Augmenting Human Intellect is fundamentally about referencing ideas. Often, I’m watching a video and want to share a very specific moment—a concrete clip—inside a Seed document or even a comment. Today, that’s surprisingly hard.
Our concept of Block Types is to define instances of media type representations that may, over time, have different implementations or even come from third-party systems. We already do this with paragraphs, images, code blocks, and videos. But not all video is the same. A Video block is fundamentally different from a Clip block.
Most digital media platforms implicitly recognize this distinction. YouTube separates long-form videos from Shorts. Instagram has Reels. Twitter once had Vine alongside longer videos. These aren’t just differences in length—they are different media primitives with distinct use cases and user expectations.

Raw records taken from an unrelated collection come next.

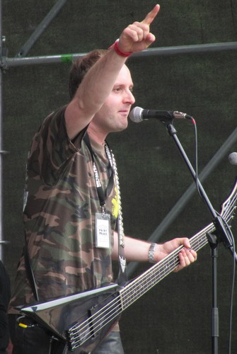 Nach einer kühlen, durchweichten Nacht ging es am Vormittag heiter los mit den in ihrer Folkbesetzung angetretenen Schelmish - das bedeutete: Tröten statt Gitarren, keine Verzerrer und dergleichen...die Truppe dürfte so ziemlich die einzige sein, die ihre Songs regelmäßig in zwei verschiedenen Formen darbietet und dabei den Eindruck zweier zwar überaus unterschiedlicher, aber gleichsam guter Bands hinterlässt. Über Nacht hatte sich der Platz direkt vor der Bühne in einen knöcheltiefen Tümpel verwandelt, was die Erschienenen aber nicht zu stören schien, den sie gingen mindestens genauso gut ab wie die Truppe auf der Bühne. Besonders die Klöppelfraktion hinterließ einen nachhaltigen Eindruck und das übrige Instrumentarium von der Präsenz her chancenlos - so macht Trötenmusik Spaß!
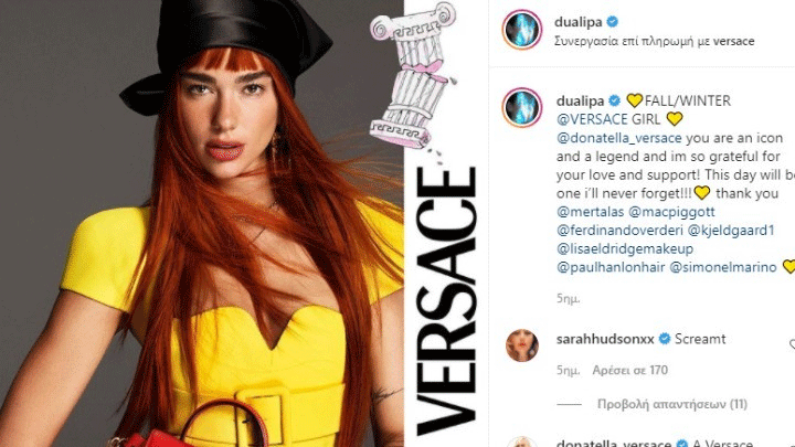 Η Dua Lipa πρωταγωνιστεί στην πιο πρόσφατη καμπάνια του οίκου Versace, προσθέτοντας ένα ακόμη στη λίστα των επιτευγμάτων της.
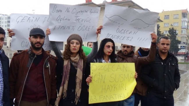Şanlıurfa’da bir grup öğrenci, Özgecan cinayetini protesto etti. Üniversite öğrencisi Gamze Bebe, yüzüne yaptığı makyaj ile şiddete tepki gösterdi.
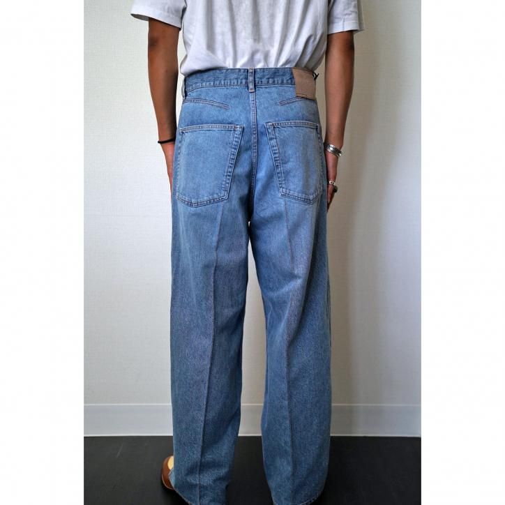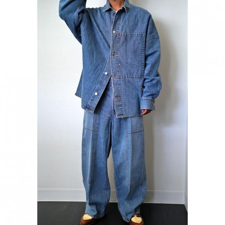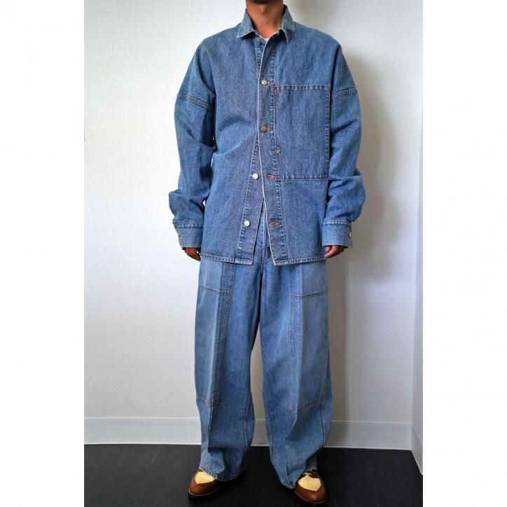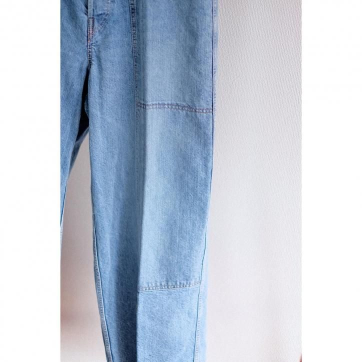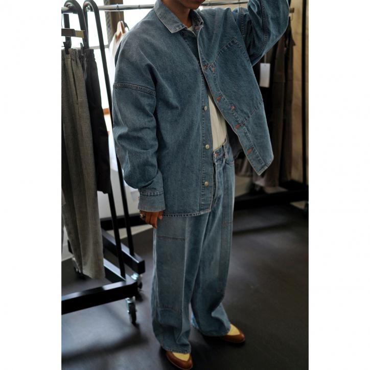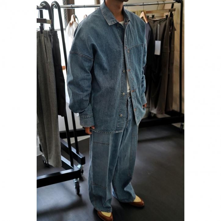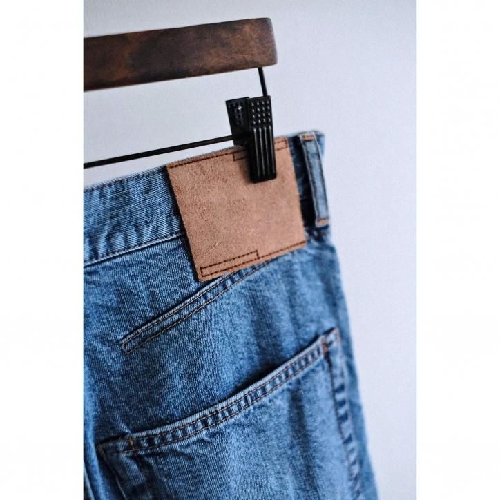 脂の抜けたようなドライタッチのデニムを作りたい、というコンセプトから生まれたデニム素材。経糸にインディゴコットン、緯糸に和紙を使用し、古い織機で低速で丁寧に織り上げています。

For Seed, this distinction likely matters at a systems level as well. Long-form video probably requires a dedicated streaming or hosting solution. It doesn’t make sense for a peer-to-peer network to store or replicate gigabytes of video data across users’ machines.
Clips, however, are different. Short, referential video fragments could follow a strategy closer to images within our P2P storage policies: lightweight, addressable, and easy to embed in context.

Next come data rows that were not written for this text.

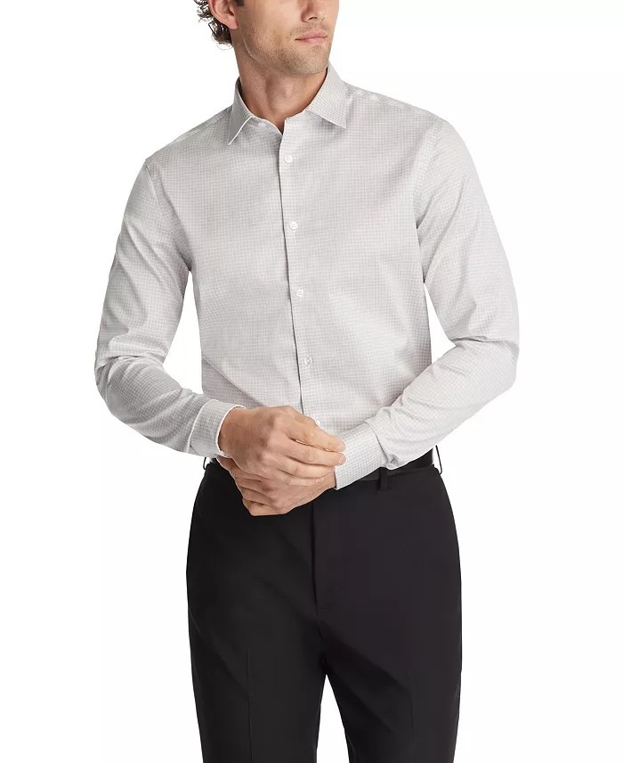 The Calvin Klein Steel dress shirt is engineered for performance. High-tech wrinkle-free stretch fabric requires less ironing, while wicking properties pull away moisture for cool, dry comfort. A Regular fit delivers a classic look that defines refinement.
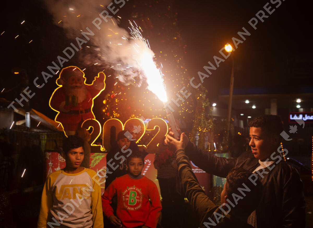 People fire flare as they celebrate the new year in Cairo, Egypt, Friday, Dec. 31, 2021. (AP Photo/Amr Nabil)
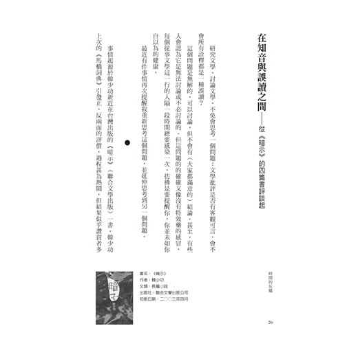在知音與誤讀之間──從《暗示》的四篇書評談起

The UX of clipping a video is also fundamentally different from uploading one long video. Clipping is an act of reference, not publication. It’s something I constantly want to do: isolate a moment, point to it precisely, and weave it into a larger idea.
Conclusion: we should introduce a distinct Block Type for Clip (or Reel / short video), clearly separated from regular Video blocks as a core primitive for reference, thought, and shared understanding.